Once Easter is seen as a season, congregations can work at distinctive worship practices throughout the Great Fifty Days in order to tie the weeks together more clearly in the hearts of worshipers. For example, on Sundays Two through Seven, one stanza of a hymn used on Easter Day might be sung as an acclamation (“Christ the Lord Is Risen Today” is one possibility). (Calendar: Christ’s Time for the Church, 54, 56-7)
In a seminar entitled “Singing the Great Fifty Days” at the Calvin Symposium on Worship in January 2016, Zebulun Highben of Muskingum University presented the following thesis and recommendations:
The significance of Easter as the church’s “Feast of Feasts,” a 50-day celebration lasting from Easter Sunday through Pentecost, is often more of a theological/ liturgical ideal than alive experience of a congregation. Church musicians can help their congregations mark the continuity of the festival through musical/liturgical choices that connect its seven Sundays.

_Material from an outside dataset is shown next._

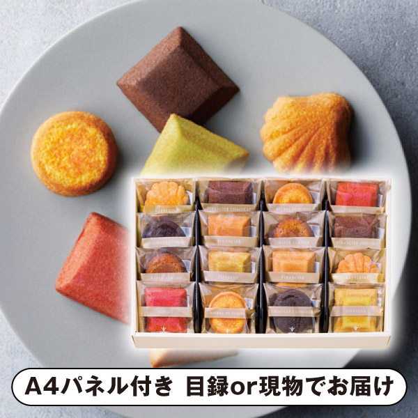 | 内容 | メープルアーモンドケーキ・いちごバターケーキ・チョコオレンジケーキ・マドレーヌ・フィナンシェピスタチオ・りんごバターケーキ・フィナンシェ・フィナンシェショコラ×各2 A4パネル×1 |

- Observe a musical “fast” in Lent that ends in the Easter season. [by avoiding certain kinds of music, e.g. Alleluias; Zebulun points out that Bach presented no cantatas during Lent]
- Extend the elaborations of Easter Sunday through all seven weeks. [echos of Easter]
- Give hymnody the royal treatment [concertatos, descants]
- Incorporate instruments
- Vary your use of the Psalms
- Use recurring pieces of liturgical music. [Easter-themed]
- Program hymns and anthems that highlight connections between resurrection and communion.
- Treat Pentecost and Easter Sunday as musical bookends.
- Connect Easter (backward) to Christmas and (forward) to Pentecost.
I was teaching once during the Easter season in Kiev, the capital of Ukraine, at a seminar hosted by the large Central Baptist Church. On Sunday morning, the pastor got up and greeted the people with the words, “Christ is risen!” Immediately the people sprang to their feet and responded with, “He is risen indeed!” An organ chord played, and the people energetically sang the great Easter Troparion, borrowed by the Baptists from the Orthodox tradition (!) in that country (and, less surprisingly, used by Rimsky Korsakov in his “Russian Easter Overture”):

Throughout the Easter season, the people in that church would likewise greet each other in the hallway with the “Christ is risen!”/”He is risen indeed!” exchange. And even on the streets, believers would greet each other in the same way.
Another time, at a Bible school in Chisinau, Moldova, during the Easter season, I found that there were hand lettered cards on the tables in the dining hall with the same twofold proclamation.
Obviously the resurrection is central to these Christians, and the entire Easter season is one for celebration and joy: because He is risen indeed!